-- PROBLEM REQUIREMENTS --
Exactly as written, reproduce the lines from the beginning of the data through the line containing "A transparant dark"; the pictures are not reproduced.

Items from a dataset

● ● ● ● ● ● ●

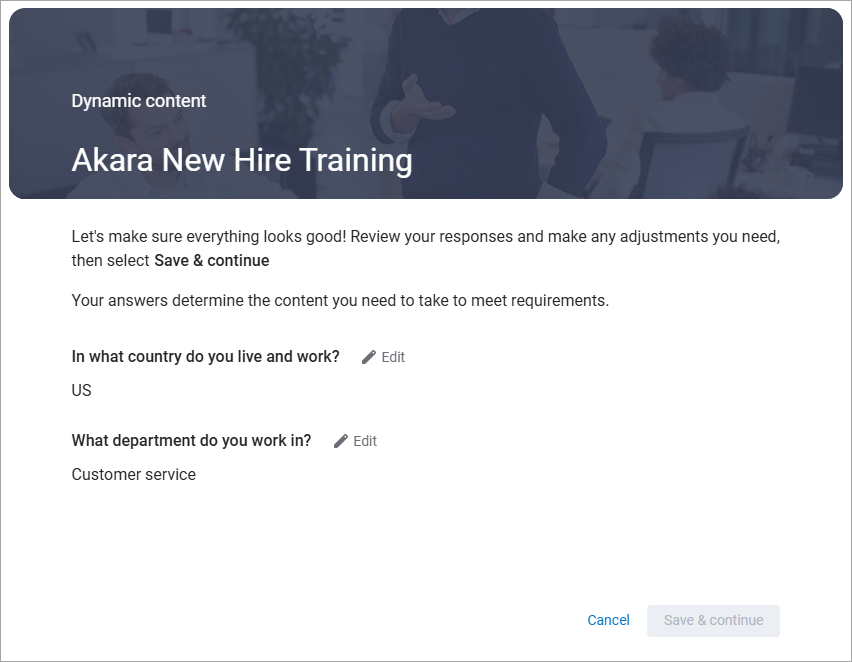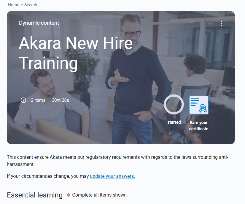 Dynamic Content prompts you to answer a series of questions. Based on your answers, you receive a set of one or more content items, such as courses, books, and videos. You must complete all items in the set to achieve completion of the dynamic content.
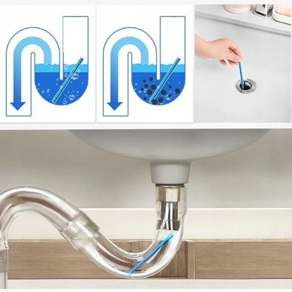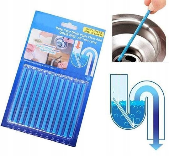 Палички для прочищення труб і каналізації завдяки спеціальним ензимам розчиняють жир, бруд і будь-які речовини, що залишилися в трубах. Вони усувають засмічення в трубах і усувають неприємні запахи. Палички можна використовувати як у ванній, так і на кухні.
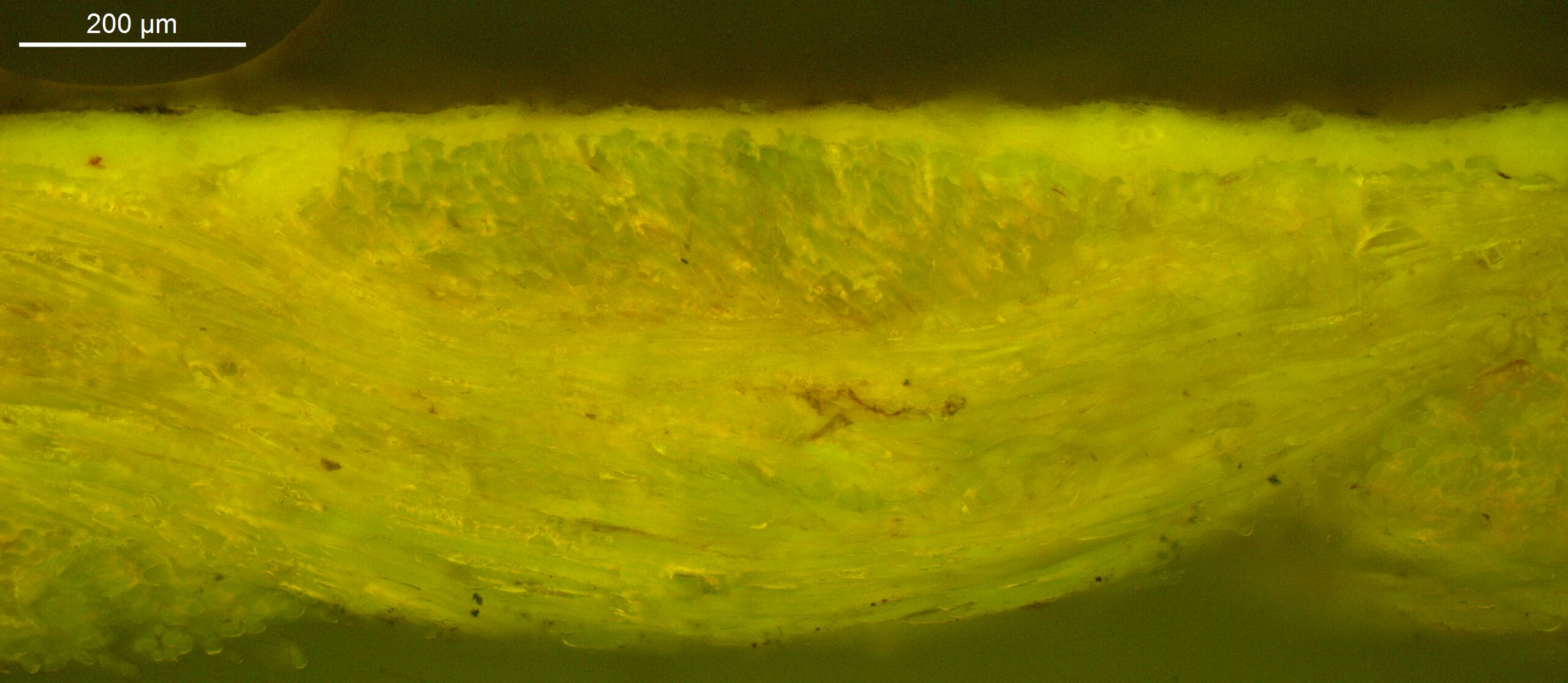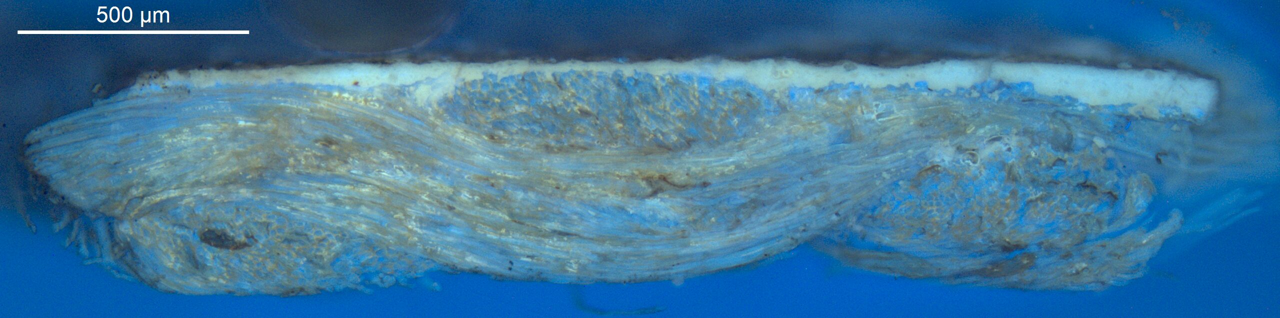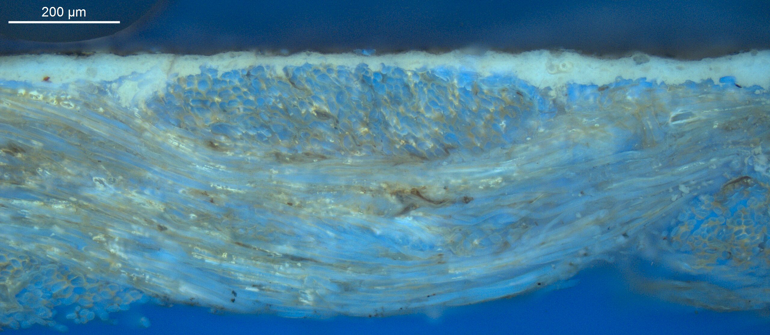 A transparant dark yellow layer with an intense orange UV fluorescence is found on the bottom tacking edge. Could it be an insulating layer on top of the underdrawing, applied to avoid picking up the black pigment, or alternatively, a preparatory layer to improve the adherence of the paint to the saturated ground?
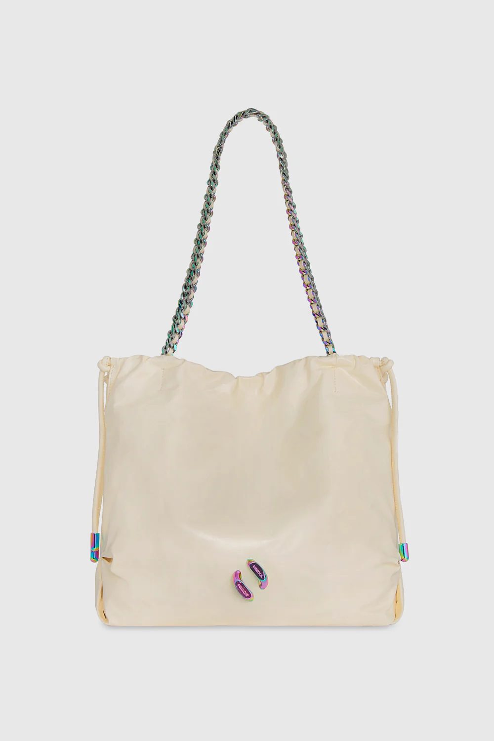Introducing the new Zero Gravity Small Tote, perfect for your everyday needs. Crafted from the most lightweight leather, this compact yet spacious style features a sleek drawstring detail with a secure snap closure and an interior back zip pocket for your essentials.
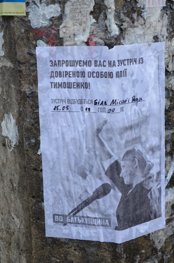 Листівки про зустрічі виборців з довіреною особою кандидата на пост Президента України Юлії Тимошенко теж розміщуються в неналежних місцях, зокрема стовпах, стінах будинків та зупинках громадського транспорту. 15 травня такими листівками, зокрема, був обклеєний район довкола міської ради. Раніше, ще в квітні, під час приїзду на Волинь кандидата на пост Президента України Петра Порошенка, оголошення про його зустріч із виборцями теж були розміщенні на стовпах та зупинках громадського транспорту.
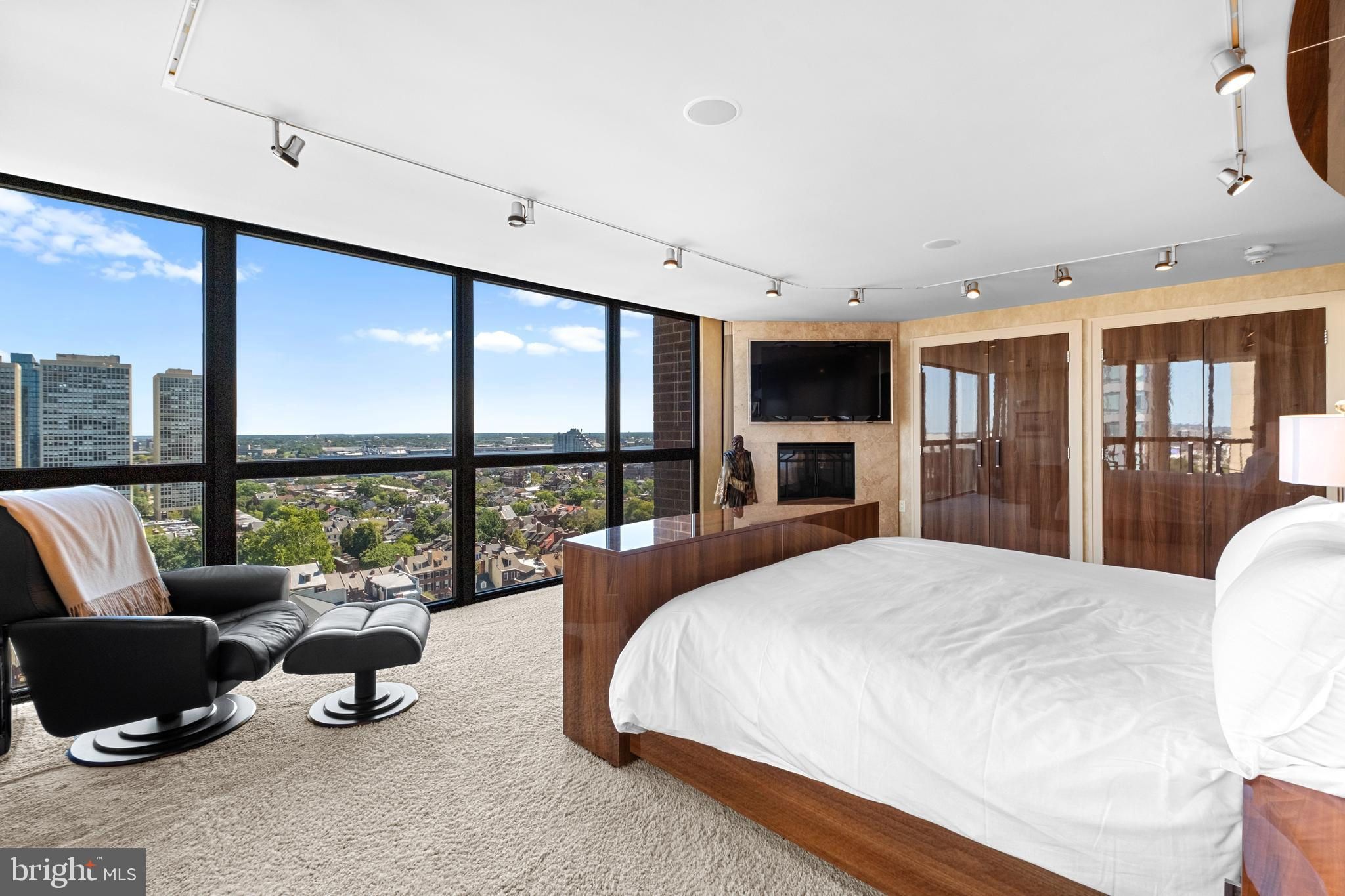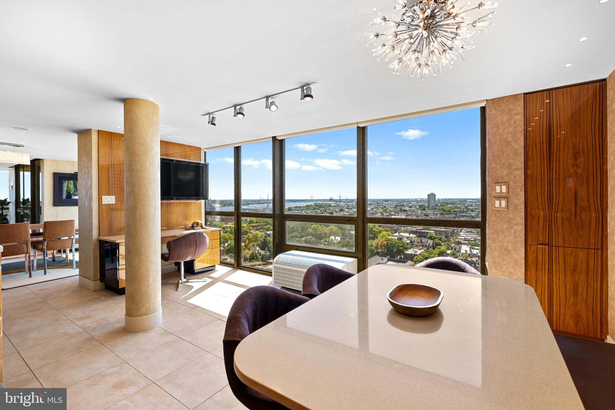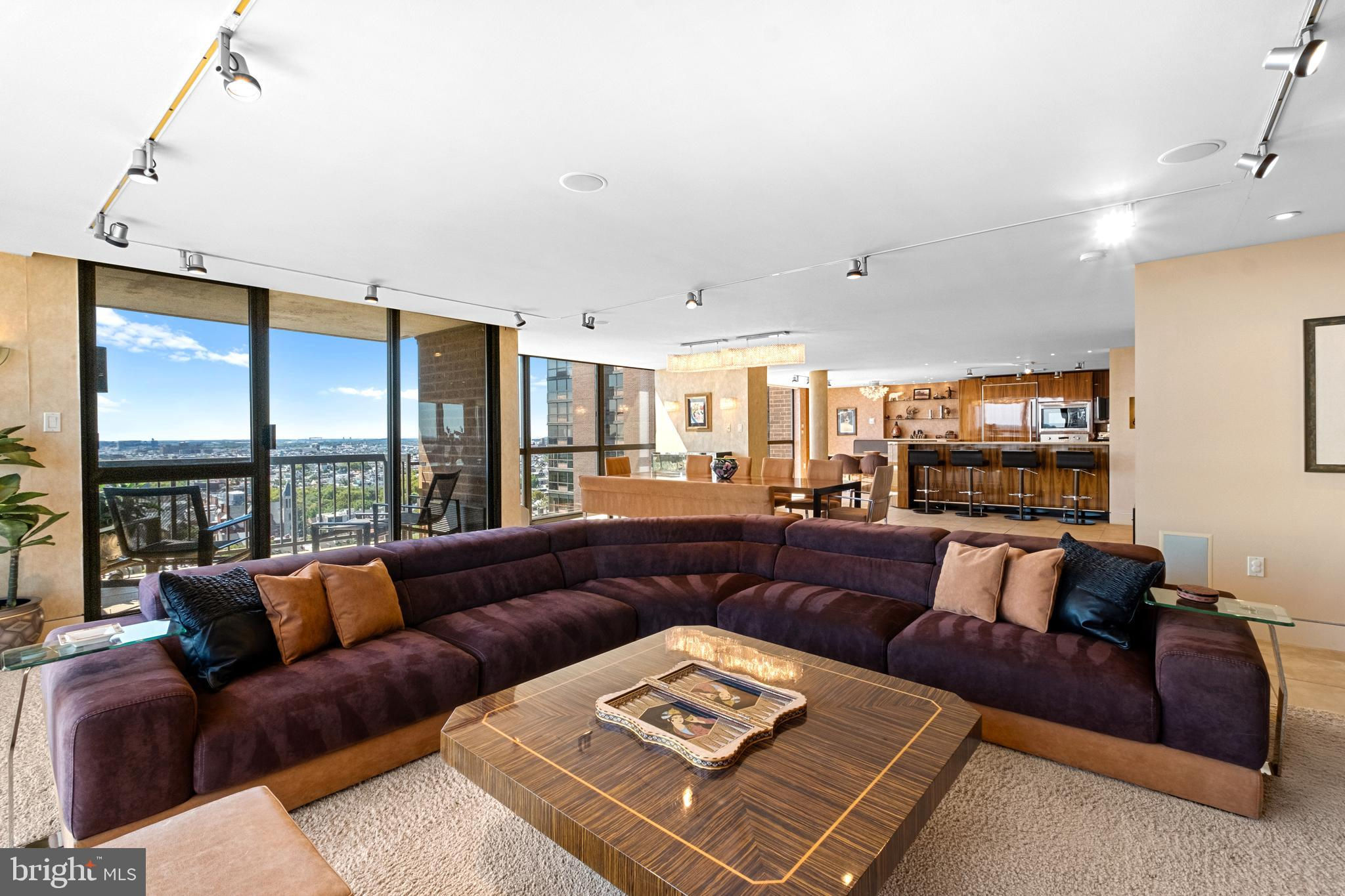 Exceptional residence spanning nearly 4,000ft2 on the 20th floor of Independence Place Condominium on Washington Square Park. Several units were gutted/combined and completely reimagined as this one-of-a-kind home. Floor to ceiling windows and three exposures (South/East/North) allow for incredible natural light and panoramic views. Flexible, open floor plan designed for both larger scale entertaining and more casual, everyday living. The most extraordinary features/finishes throughout, including venetian plaster walls, custom cabinetry, millwork, lacquered wood paneling, doors/trim, integrated lutron lighting system, and recessed baseboard detail. Gallery entry opens to custom kitchen w/ every conceivable amenity:counter seating for four, custom cabinetry, Wolf induction cooktop, paneled subzero refrigerator, metallic Walker Zanger tiled backsplash, breakfast area w/ built-in banquette, and separate office nook. Ktichen opens to dining and living spaces with South and East views, corner fireplace, and wet-bar/walk-in pantry area with under-counter wine storage and refrigerated drawers. Down the hall, two well proportioned bedrooms share a newer, contemporary hall bath. The over-the-top primary suite is outfit with custom furnishings to accentuate southern views, a second fireplace, and features two walk-in closet/dressing areas, two natural stone clad en suite bathrooms w/ steam shower, jetted tub and frameless glass enclosures, a separate lounge area, and an additional gym/studio space with sauna and kitchenette. Thoughtful laundry area w/ full size, side-by-side machines and custom cabinetry is cleverly hidden behind a sliding door system. Private terraces off the living space and primary suite. Remote controlled custom window treatments and Sonos audio throughout. No expense was spared, and every detail has been thoughtfully considered in design/construction. Residents of Independence Place enjoy 24-hour door staff and concierge, newly redesigned lobby, state-of-the-art fitness center, and on-site parking garage with direct lobby access (additional monthly fee). Close proximity to Philadelphia's premier dining, shopping, lifestyle and cultural institutions. Easy highway access into/out of the city.

● ● ● ● ● ● ●

-- OUTPUT OF THE TASK --
 Dynamic Content prompts you to answer a series of questions. Based on your answers, you receive a set of one or more content items, such as courses, books, and videos. You must complete all items in the set to achieve completion of the dynamic content.
 Палички для прочищення труб і каналізації завдяки спеціальним ензимам розчиняють жир, бруд і будь-які речовини, що залишилися в трубах. Вони усувають засмічення в трубах і усувають неприємні запахи. Палички можна використовувати як у ванній, так і на кухні.
 A transparant dark yellow layer with an intense orange UV fluorescence is found on the bottom tacking edge. Could it be an insulating layer on top of the underdrawing, applied to avoid picking up the black pigment, or alternatively, a preparatory layer to improve the adherence of the paint to the saturated ground?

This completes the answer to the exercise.